Cientificar el mito
«Están ganando los científicos que defienden la verdad de la creación frente al relato de la evolución». Esta fue la intervención estrella del exministro de Aznar, Jaime Mayor Oreja, en la cumbre antiaborto celebrada el pasado lunes en el Senado.
Sin entrar en valoraciones de si las instituciones públicas deberían albergar este tipo de eventos, no podemos obviar que esta clase de discursos han logrado introducirse en el debate público, normalizando puntos de vista que hasta el momento habían quedado al margen.
Sin embargo, no es esta la cuestión que pretendo exponer, sino el peligro que supone dotar de una apariencia científica a la mentira y al mito.
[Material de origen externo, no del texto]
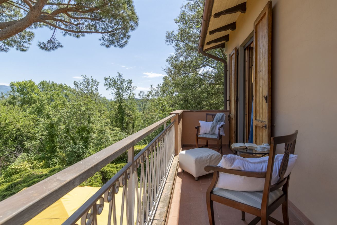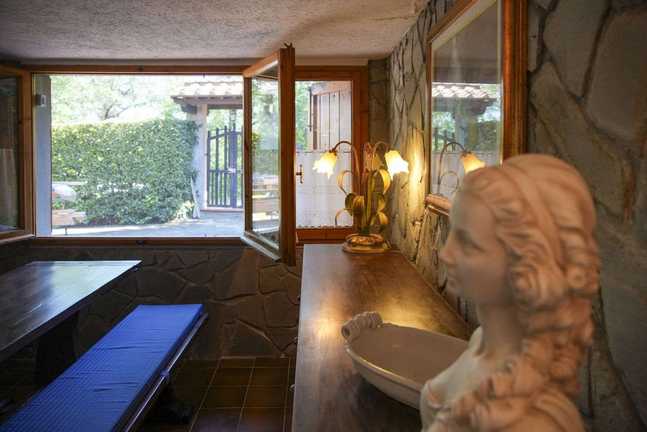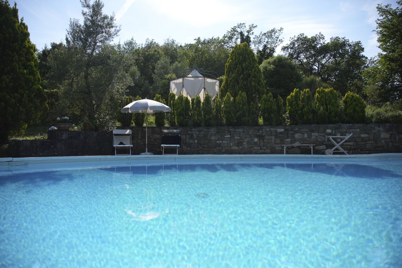 Surrounded by a private garden and a beautiful pool overlooking the splendid Sieve Valley, the Villa will be entirely at your disposal: enjoy every corner of the shaded and well-furnished garden, and relax in the bright living room furnished in a classic and elegant style, with the typical veranda windows opening onto the outdoor patio. For "homey" days, you will have the convenience of a modern and fully equipped kitchen to prepare your favorite dishes or try your hand at local cuisine. Upstairs, two elegant double bedrooms and a single room, also equipped with a comfortable study corner, will allow you to start and end each day in an extraordinary way, thanks to the well-maintained environments and the terraces overlooking the surrounding countryside.

La ciencia, como pilar fundamental para el progreso, supone una amenaza directa para la tradición, desmintiendo creencias sostenidas en el tiempo y obligando a la rectificación de los defensores más acérrimos de las mismas. Y esto molesta, y mucho. Porque ciertamente puede resultar traumático saber que hemos vivido equivocados, que no estábamos en lo cierto.
De esta forma, como la evidencia empírica de la ciencia es difícilmente rebatible, el ala más temerosa al progreso ha generado su propia ciencia, defendiendo teorías pseudocientíficas alimentadas por bulos y teorías de la conspiración. Es decir, una «ciencia» al servicio de la tradición.
El problema es evidente. En época de angustia, con una ciudadanía desconfiada de la política y de los medios de comunicación, la ciencia debe ser esa rama de conocimiento veraz, y no debemos permitir que sea menospreciada y utilizada de forma macabra por quien no cree en ella.